Odioso Amore – racconto

Stava lì, impassibile, senza schiudere le palpebre persisteva nell’immersione in quei ricordi bui, e diventavano sempre più oscuri a ogni parola che scivolava stanca fuori dalla sua bocca. Nonostante ciò continuava a narrare ed io continuavo a scrivere, insensibile, nonostante ciò che stavo sentendo e la mano dolorante, sì, ero davvero insensibile e per qualche ragione perversa ne andavo fiero.

“Così sarebbe morto, avrei usato la lama per trafiggerlo senza pietà.”

Notai una vigliacca goccia di sudore che si stava calando silenziosa giù per il suo viso.

“Ecco, ho un fazzolettino con me…”

“No.”

“D’accordo, prosegua pure.”

“Così pensavo che tutti mi avrebbero dato dell’assassino e per un momento dubitai di ciò che stavo facendo, poi però mi ricordai con chi avevo a che fare e non ebbi più dubbi.

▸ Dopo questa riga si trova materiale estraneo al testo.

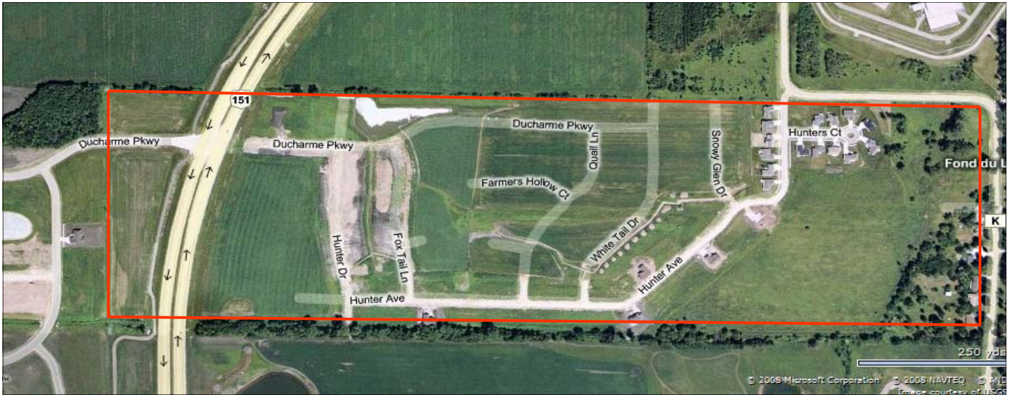
Hwy 151 & Ducharme Pkwy to Hwy K, just north of Hwy 23 (Johnson Road), Fond du Lac, WI
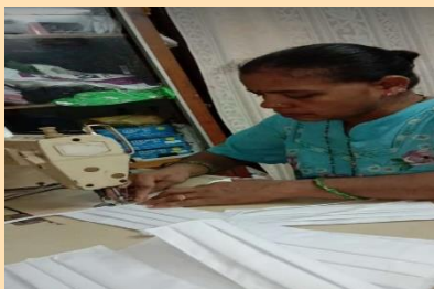
Stitching of masks by members of SHG for distribution.

Under this program more than 106 women got a chance to earn livelihood. Almost 15,000/- was earned by each woman involved in the stitching work. More than 50,000 face masks were made and delivered to the private as well as public sector.
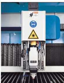
Cutter head with integrated collision guard, automatic focus positioning, and height control
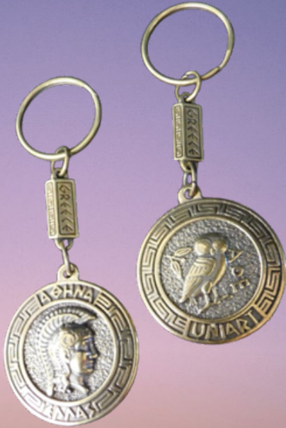
2 sided Athena keychain - Bronze
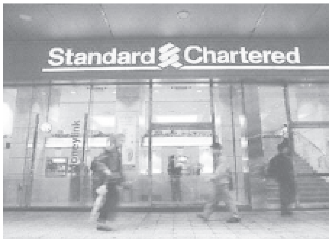
People walk past a Standard Chartered Bank branch in Hong Kong. The British-based emerging markets bank has acquired a stake in Asia Commercial Bank.

Ma non sono veramente colpevole.”

“Dicono tutti così, ma mi spieghi perché.”

“Cosa? Dicono tutti così?!”

L’errore più grande che potessi fare: un commento personale sulla narrazione di quell’uomo, non avrei dovuto farmi coinvolgere e mentre pensavo ciò non mi accorsi che lui aveva aperto gli occhi e mi fissava, sentivo il suo sguardo sulla mia anima.

“Mi scusi, prosegua pure.”

“… Lei non mi crede.”

“Io… davvero mi scusi, non so cosa mi sia preso.”

“Oh no, non si scusi… le racconterò come sono andate davvero le cose, e non pretendo che lei mi creda, non mi crederà mai.”

E intanto mi dicevo -scrivi e basta, zitto, insensibile a tutto-

“Prego.”

“Dunque, la voglia di trafiggerlo era tornata in me, ma non così forte come prima…”

“Sta cercando di dirmi che lei non lo fece, alla fine?”

“Sto cercando di dirle che la fine non è ancora giunta.”

“Come?”

In quel momento tirò fuori una lunga spada. Brillava, nonostante fossimo immersi nell’oscurità.

“Odioso amore… avrei dovuto ucciderlo… ma poi capii che sarebbe stato come morire. E anche dubitare dell’amore è come morire, quindi tanto vale…”

Non riuscii a fermarlo. La lama lo trapassò da parte a parte. Sul suo viso brillava uno strano sorriso, proprio come la lama di quella spada infame.